Semakin tinggi bauran energi dari EBT yang dapat dicapai, maka penggunaan energi fosil untuk konsumsi energi di masyarakat akan semakin berkurang. Artinya, EBT mengurangi ketergantungan impor Indonesia terhadap bahan bakar minyak dan gas dari luar negeri. Sekaligus juga dapat mengurangi penggunaan batubara yang berdampak buruk terhadap lingkungan.
Sebaliknya, apabila pemerintah gagal meningkatkan bauran energi dari sektor EBT, maka ketergantungan Indonesia terhadap energi fosil akan bertambah besar. Tidak hanya masalah tingginya emisi karbon dan juga impor bahan bakar fosil saja yang akan dihadapi, tetapi juga ancaman terhadap keberlanjutan perekonomian nasional.
Mimpi Indonesia untuk tumbuh menjadi negara maju di tahun 2045 akan tergerus oleh defisit neraca perdagangan akibat besarnya impor energi fosil berupa BBM dan gas.
Baca juga: Energi Nuklir Tetap Pilihan Terakhir
Keadaan tersebut menjadi kontraproduktif bagi pembangunan ekonomi nasional. Prestasi neraca perdagangan nonmigas yang selalu surplus menjadi sia-sia ketika diakumulasikan dengan neraca perdagangan migas yang selalu defisit.
Dalam kondisi normal, dengan perdagangan nonmigas yang surplus tinggi, ada kemungkinan secara akumulasi neraca perdangan masih akan tetap surplus. Namun, apabila kondisi global kurang baik, ada kemungkinan surplus neraca perdangan nonmigas tidak terlalu tinggi sehingga ketika digabung dengan neraca perdagangan migas akan menghasilkan notasi defisit.
Hal ini menandakan neraca migas Indonesia sudah tidak sehat karena selalu menggerus devisa yang pada akhirnya menjadi beban bagi kemajuan Indonesia.

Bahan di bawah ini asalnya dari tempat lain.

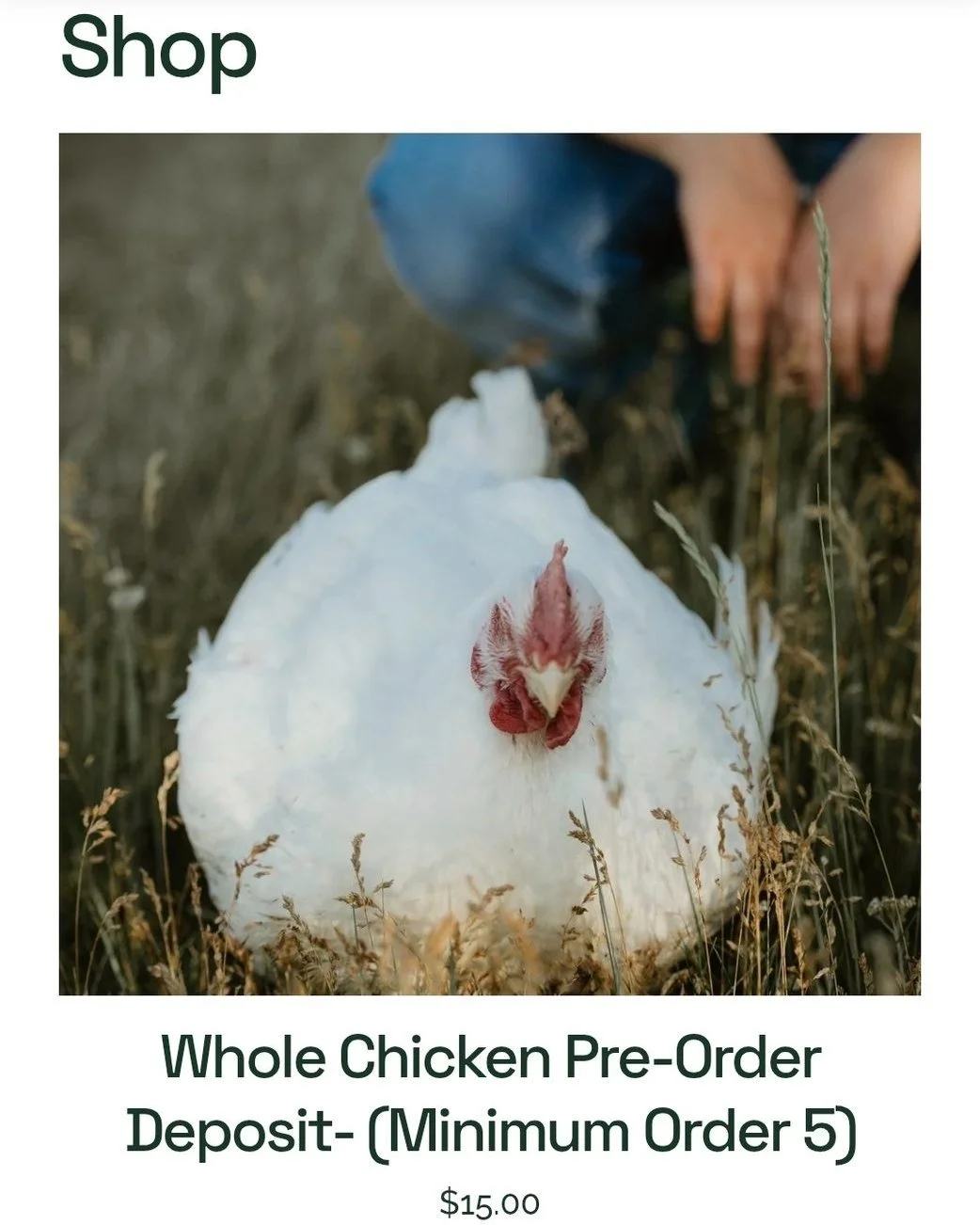 Pasture-raised chickens are available for pre-sale in mid-January. Chickens must be purchased before they are processed in mid-July.

Terbukti, sejak tahun 2018 Indonesia mengalami defisit akumulasi neraca perdagangan lebih dari 3 miliar dollar AS akibat semakin tingginya defisit neraca perdagangan migas. Pada tahun 2018-2019, surplus neraca perdagangan nonmigas rata-rata kurang dari 7 miliar dollar AS per tahun. Namun, defisit migas dalam kurun waktu itu rata-rata lebih dari 9 miliar dollar AS per tahun.

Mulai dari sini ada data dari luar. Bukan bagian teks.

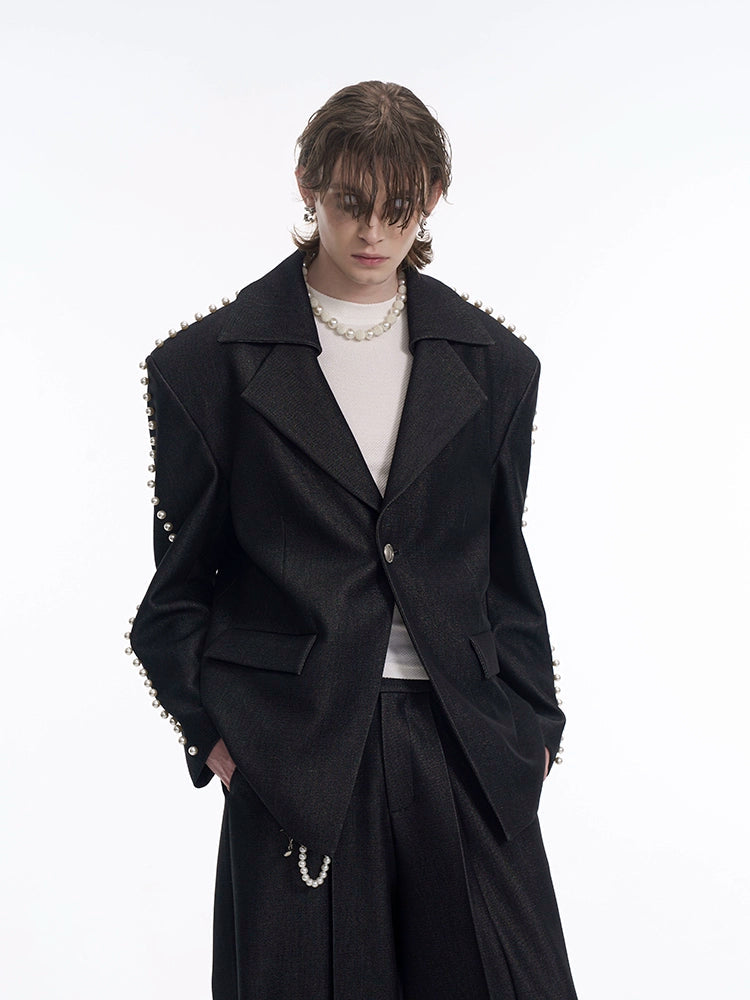 Crafted with precision and style, our Pearl Decorated Loose Blazer combines elegance and sophistication. The tailored silhouette and luxurious pearls and shoulder-pad design add a touch of glamour to any outfit. Perfect for every occasion, this blazer is a must-have for any fashion-forward individual.

Kondisi ini sangat memberatkan bagi keuangan negara dan juga tidak adil bagi perekonomian nasional. Sektor nonmigas seolah-olah dipaksa untuk tumbuh melesat guna mencukupi kebutuhan energi fosil yang sebagian besar bergantung pada impor.
Bauran sulit tercapai
Menurut Badan Pengkajian dan Penerapan Teknologi (BPPT), target bauran energi final relatif sulit tercapai. Dari dua skenario yang diproyeksikan oleh BPPT, yakni skenario dasar dan skenario peningkatan EBT, tidak ada satu pun yang menunjukkan target bauran pada tahun 2025 dan 2050 akan tercapai seperti yang diharapkan.
Pada skenario dasar, target bauran pada tahun 2025 dan 2050 hanya berada pada kisaran 14-15 persen. Dengan skenario peningkatan EBT, target bauran melonjak lebih tinggi, tetapi tetap tidak sesuai harapan. Pada tahun 2025, bauran EBT diperkirakan hanya sebesar 18 persen dan tahun 2050 sekitar 23 persen.

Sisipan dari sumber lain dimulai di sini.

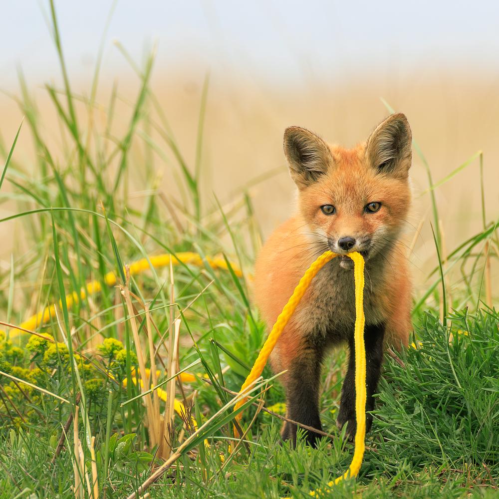 The rangers hung yellow rope along a protected area and the fox kits used it during playtime. Fun to watch!
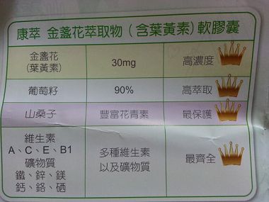 主要成分有:金盞花萃取物(含酯化型葉黃素及玉米葉黃素.葡萄籽萃取(含花青素).山桑子.維生素(B1.C.E.A).綜合礦物質(鐡.鋅.鎂.鈣.鉻.硒).番茄萃取物(含茄紅素).維生素B12

Khusus untuk sumber energi pembangkitan listrik, juga tidak banyak perubahan berarti. Dengan skenario dasar, pada tahun 2025 dan 2050 nanti sumber utama pembangkitan listrik sekitar 84 persen tetap berasal dari energi fosil, yakni dari batubara, gas, dan BBM. Kondisi ini tidak jauh berbeda dengan tahun 2020 yang diperkirakan sekitar 87 persen pembangkitan listrik juga berasal dari ketiga sumber energi itu.
Namun, apabila menggunakan skenario peningkatan EBT, diperkirakan akan terjadi penurunan sumber pembangkitan listrik dari energi fosil yang cukup signifikan. Pada tahun 2025 energi fosil yang berasal dari batubara, gas, dan BBM akan menyusut sekitar 10 persen dari tahun 2020 menjadi kisaran 78 persen. Pada tahun 2050 susut lagi lebih dalam menjadi kisaran 71 persen. Hal ini mengindikasikan, persentase bauran EBT untuk pembangkitan listrik kian besar.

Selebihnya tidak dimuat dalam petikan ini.